Department of Molecular Biology and Genetics, Cornell University, Ithaca, New York, United States of America.
PLoS Genet. 2012;8(3):e1002610. doi: 10.1371/journal.pgen.1002610. Epub 2012 Mar 29.
DNA sequence and local chromatin landscape act jointly to determine transcription factor (TF) binding intensity profiles. To disentangle these influences, we developed an experimental approach, called protein/DNA binding followed by high-throughput sequencing (PB-seq), that allows the binding energy landscape to be characterized genome-wide in the absence of chromatin. We applied our methods to the Drosophila Heat Shock Factor (HSF), which inducibly binds a target DNA sequence element (HSE) following heat shock stress. PB-seq involves incubating sheared naked genomic DNA with recombinant HSF, partitioning the HSF-bound and HSF-free DNA, and then detecting HSF-bound DNA by high-throughput sequencing. We compared PB-seq binding profiles with ones observed in vivo by ChIP-seq and developed statistical models to predict the observed departures from idealized binding patterns based on covariates describing the local chromatin environment. We found that DNase I hypersensitivity and tetra-acetylation of H4 were the most influential covariates in predicting changes in HSF binding affinity. We also investigated the extent to which DNA accessibility, as measured by digital DNase I footprinting data, could be predicted from MNase-seq data and the ChIP-chip profiles for many histone modifications and TFs, and found GAGA element associated factor (GAF), tetra-acetylation of H4, and H4K16 acetylation to be the most predictive covariates. Lastly, we generated an unbiased model of HSF binding sequences, which revealed distinct biophysical properties of the HSF/HSE interaction and a previously unrecognized substructure within the HSE. These findings provide new insights into the interplay between the genomic sequence and the chromatin landscape in determining transcription factor binding intensity.
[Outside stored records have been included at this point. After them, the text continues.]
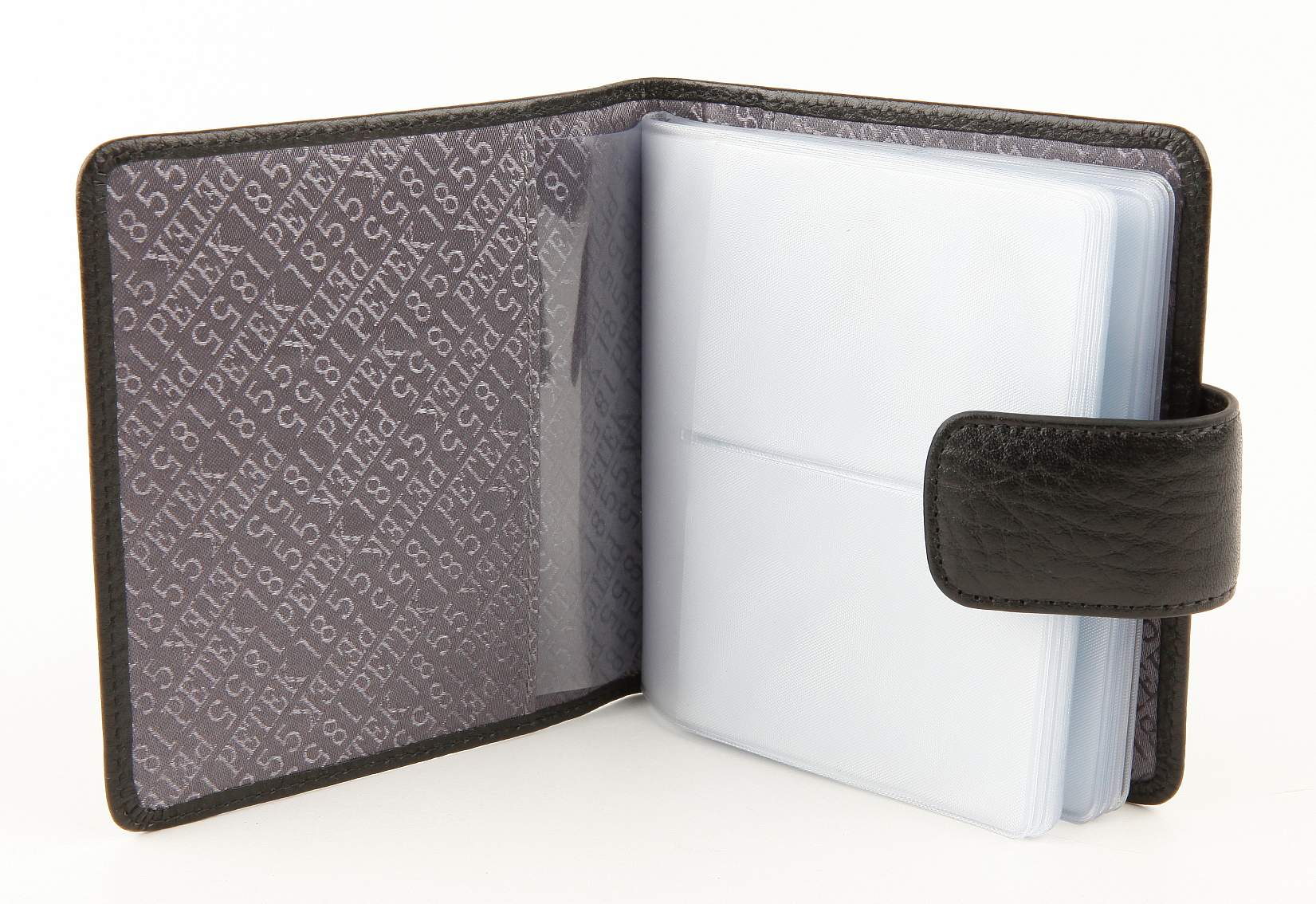 Шикарная визитница из натуральной кожи. Классический дизайн, застегивается на кнопку. Внутри имеются 20 файлов из плотного пластика, по два отделения с каждой стороны. Максимальное количество визитных карточек - 80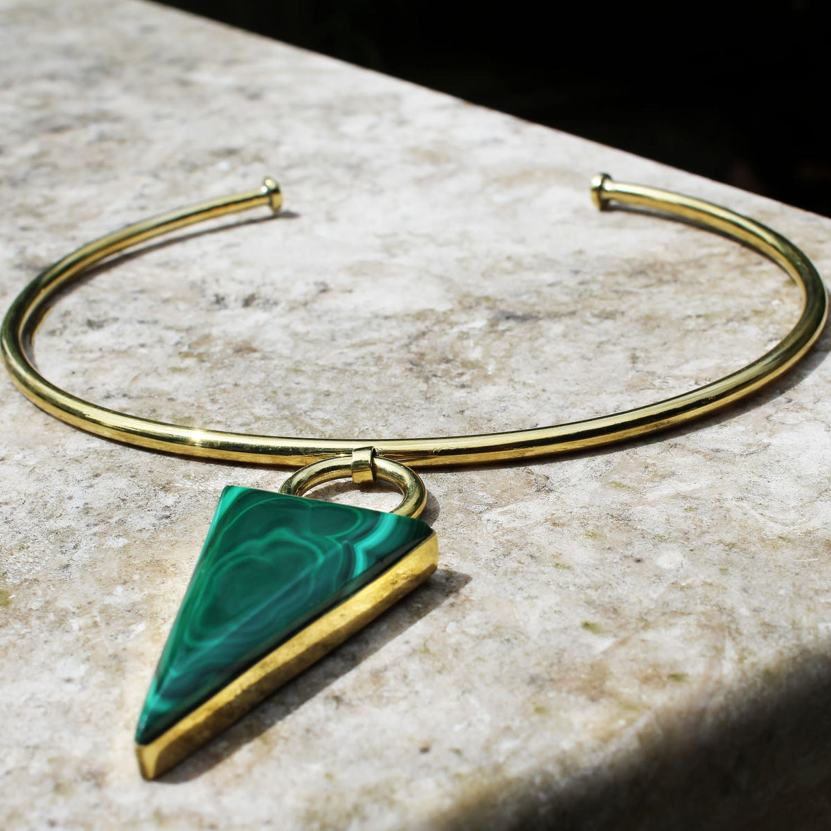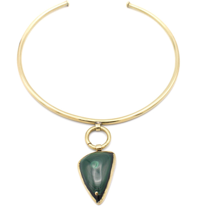 This limited edition choker is hand-crafted from brass and features an emerald green malachite stone pendant. It is made in Kenya.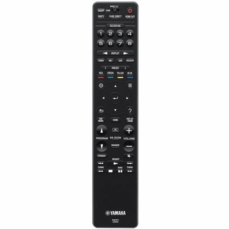 Переходя к пульту управления Yamaha RX-A780 надо отметить, что даже этот недорогой ресивер компания Yamaha комплектует полноразмерным и полнофункциональным ДУ. Пульт разделен на три секции: на верхней, расположены кнопки включения, выбора HDMI-входов, а также входов Phono, Net, USB, Bluetooth, Tuner и Audio. Далее мы имеем те же четыре кнопки для управления режимами BD/DVD, TV, NET и RADIO, что и на передней панели. Под ними расположены клавиши регулировки громкости и выбора программ, а также курсорные кнопки для управления подключенным плеером. Еще ниже имеются клавиши переключения звуковых форматов, управления декодером и режимами улучшения звука, а также номерные кнопки для выбора настроек тюнера или управления подключенным ТВ. Пульт удобно лежит в руке, он не слишком тяжелый, а расположение кнопок на нем хорошо продумано.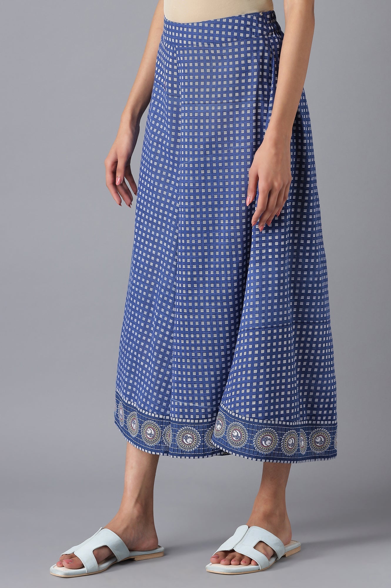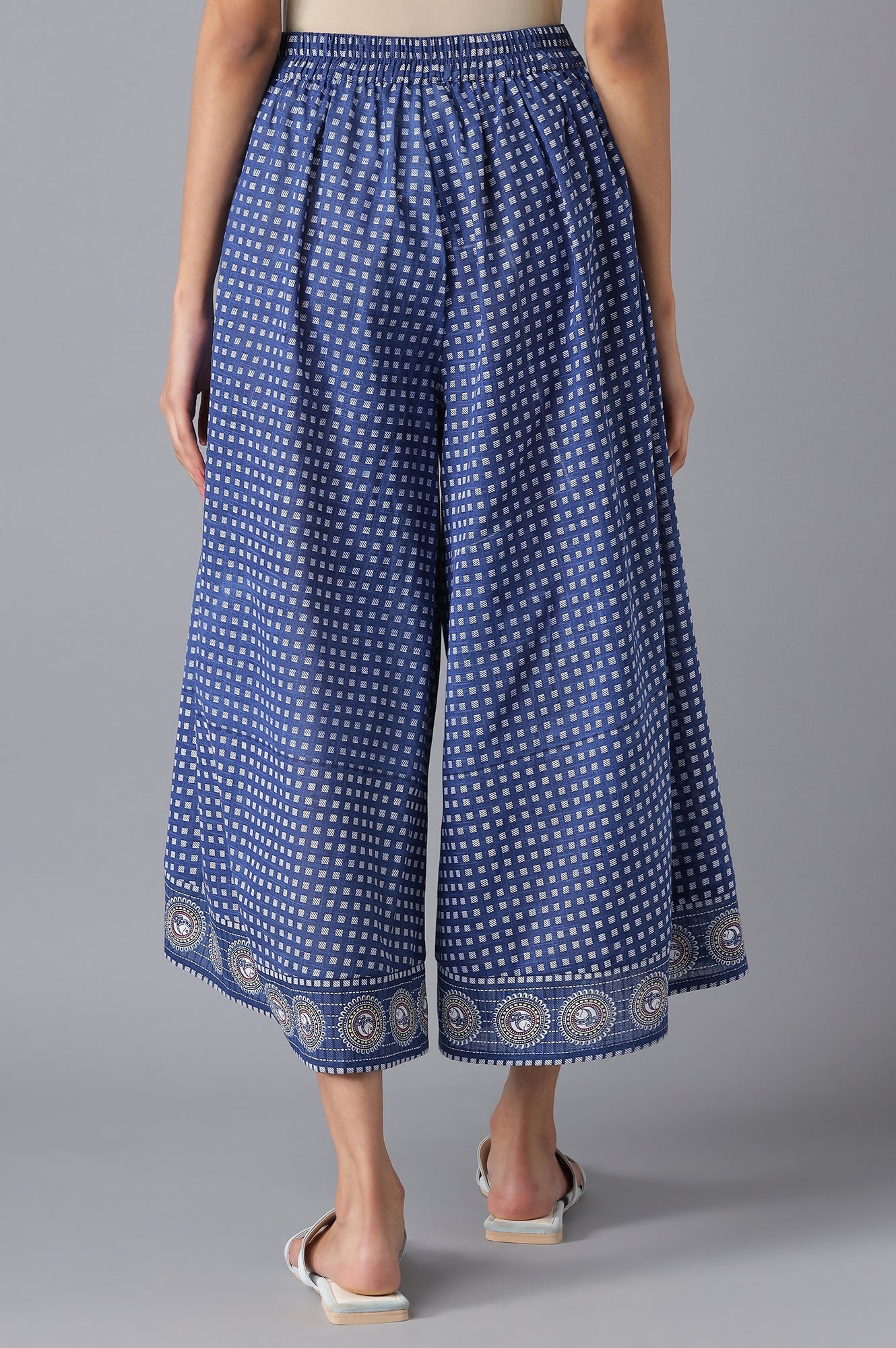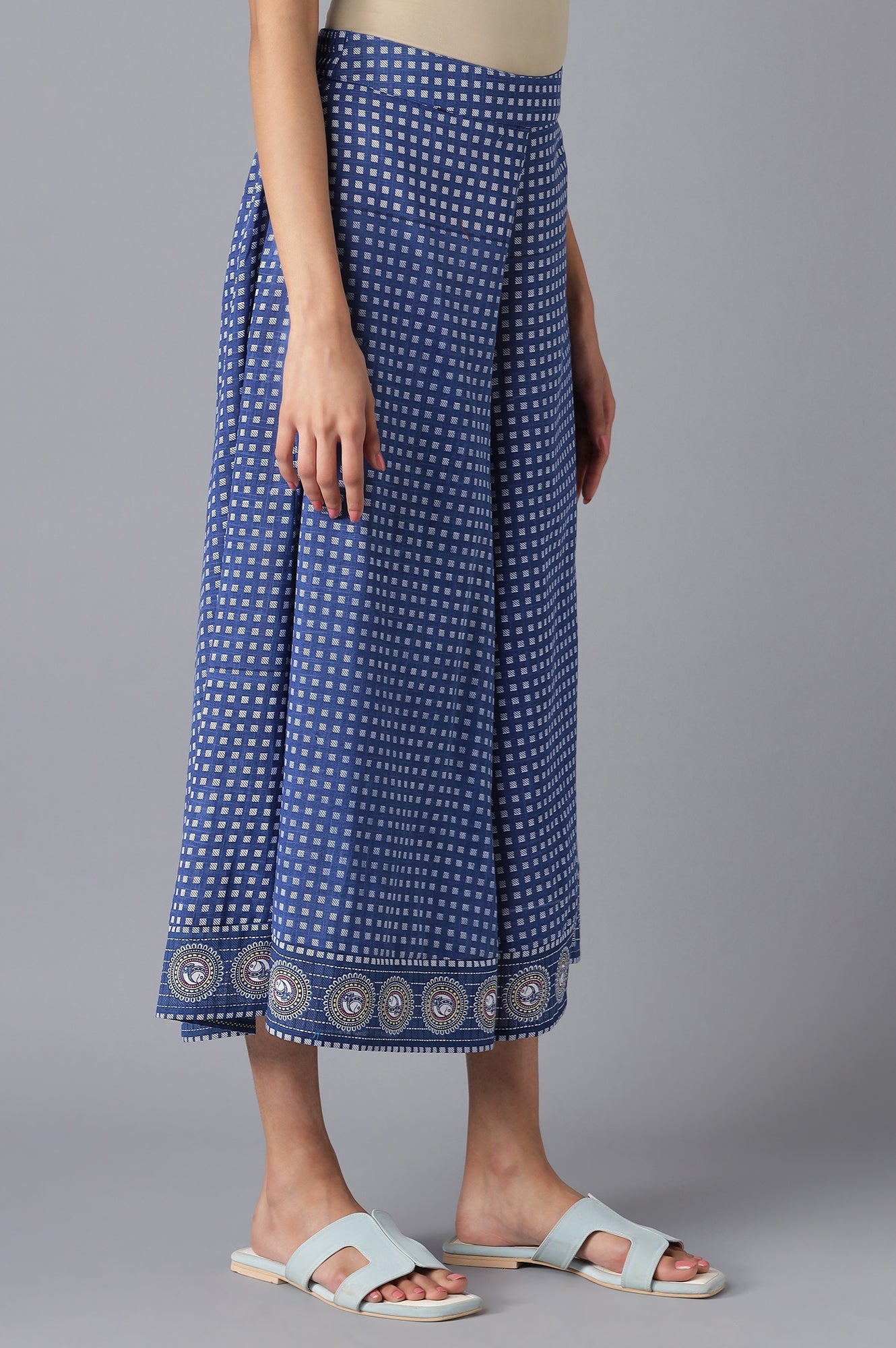 If you can't stop falling for comfy and chic bottoms then this navy culottes is a perfect pick. Tailored with rayon fabric, this pair of culotte slip-on closure and mid-rise waist.
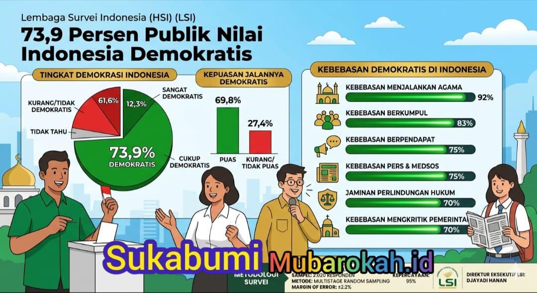 Jakarta – Mayoritas masyarakat Indonesia menilai sistem politik di Tanah Air masih berada dalam koridor demokrasi. Hasil survei terbaru Lembaga Survei Indonesia (LSI) menunjukkan sebanyak 73,9 persen responden menyebut Indonesia sebagai negara demokratis.
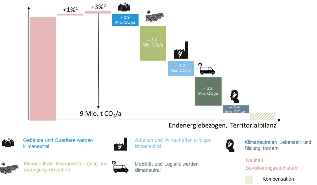 Ausgehend vom derzeitigen Emissionsniveau ist laut aktueller Berechnungen von einem weiteren Anstieg der Emissionen in Höhe von etwa 1 Prozent aufgrund von Neubautätigkeit sowie von rund 3 Prozent bedingt durch Bevölkerungswachstum zu rechnen. Dieser Anstieg ist in den Reduktionspfaden mit eingepreist.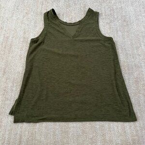 A green workout tank top with v-neck back and side slit design. The care tag says it's an XS, I think the X might have washed off on the back label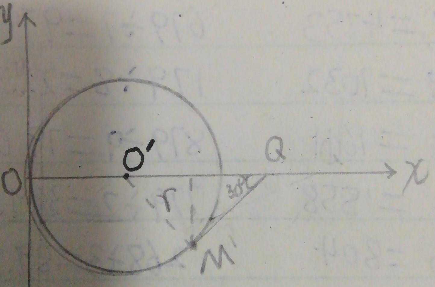 解析:电子从点开始在电场力作用下作类平抛运动运动到点,我想这方面内容只要你好好学习过,应该没有什么问题。在此不再赘述。由第一问我们可以知道经过Q点后,带电粒子以与水平方向负半轴方向成30º角的方向射入第四象限。先做匀速直线运动,再匀速圆周运动,看起来不太好想或者不太好画。此时我们可以先画轨迹圆。如图所示。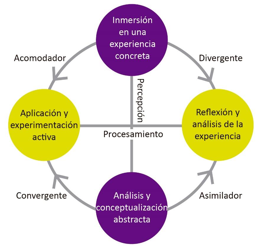 La metodología desarrollada se basa en la teoría de “aprendizaje experiencial” de Kolb (1984). Esta teoría se centra sobre la experiencia como generador principal del conocimiento, y el autor explica que, para eso combina el pragmatismo de Dewey, la investigación-acción de Lewin y el aprendizaje significativo de Piaget. Se eligió la metodología de Kolb por centrarse en el estudiante, en las estrategias de aprendizaje, y ofrecer aprendizaje situado. La teoría de Kolb reconoce dos tipos de opuestos de percibir la información: Experiencia Concreta y Conceptualización Abstracta, y dos modos opuestos de transformar la información: Observación Reflexiva y Experimentación Activa. Esto significa que algunos estudiantes perciben la información a través de experimentación práctica, mientras que otros, a través de conceptualización abstracta y análisis teórico, y a su vez, para transformar la información algunos prefieren hacer, mientras que otros, a observar y reflexionar. A partir de estos tipos de percibir y transformar la información, Kolb desarrolla los cuatro estilos de aprendizaje: el activo o acomodador, el reflexivo o divergente, el teórico o asimilador, y el pragmático o convergente (Figura 1).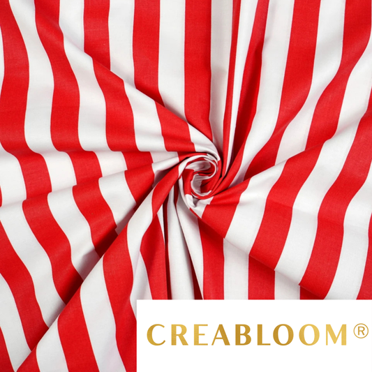 Tissu coton imprimé rayures blanc et rouge

DNA 序列和局部染色质结构共同决定了转录因子(TF)的结合强度谱。为了理清这些影响,我们开发了一种实验方法,称为蛋白/DNA 结合后高通量测序(PB-seq),该方法允许在没有染色质的情况下,对全基因组的结合能谱进行特征描述。我们将该方法应用于果蝇热休克因子(HSF),该因子在受到热休克应激后可诱导地结合靶 DNA 序列元件(HSE)。PB-seq 涉及用重组 HSF 孵育剪切的裸露基因组 DNA,将 HSF 结合和 HSF 游离的 DNA 分开,然后通过高通量测序检测 HSF 结合的 DNA。我们将 PB-seq 结合谱与体内 ChIP-seq 观察到的结合谱进行了比较,并开发了统计模型,根据描述局部染色质环境的协变量来预测观察到的与理想化结合模式的偏差。我们发现,DNase I 超敏性和 H4 的四乙酰化是预测 HSF 结合亲和力变化的最具影响力的协变量。我们还研究了 DNA 可及性(通过数字 DNase I 足迹数据测量)在多大程度上可以从 MNase-seq 数据和许多组蛋白修饰和 TF 的 ChIP-chip 图谱中预测出来,发现 GAGA 元件相关因子(GAF)、H4 的四乙酰化和 H4K16 乙酰化是最具预测性的协变量。最后,我们生成了一个 HSF 结合序列的无偏模型,该模型揭示了 HSF/HSE 相互作用的独特物理性质和 HSE 内的一个以前未被识别的亚结构。这些发现为确定转录因子结合强度的基因组序列和染色质景观之间的相互作用提供了新的见解。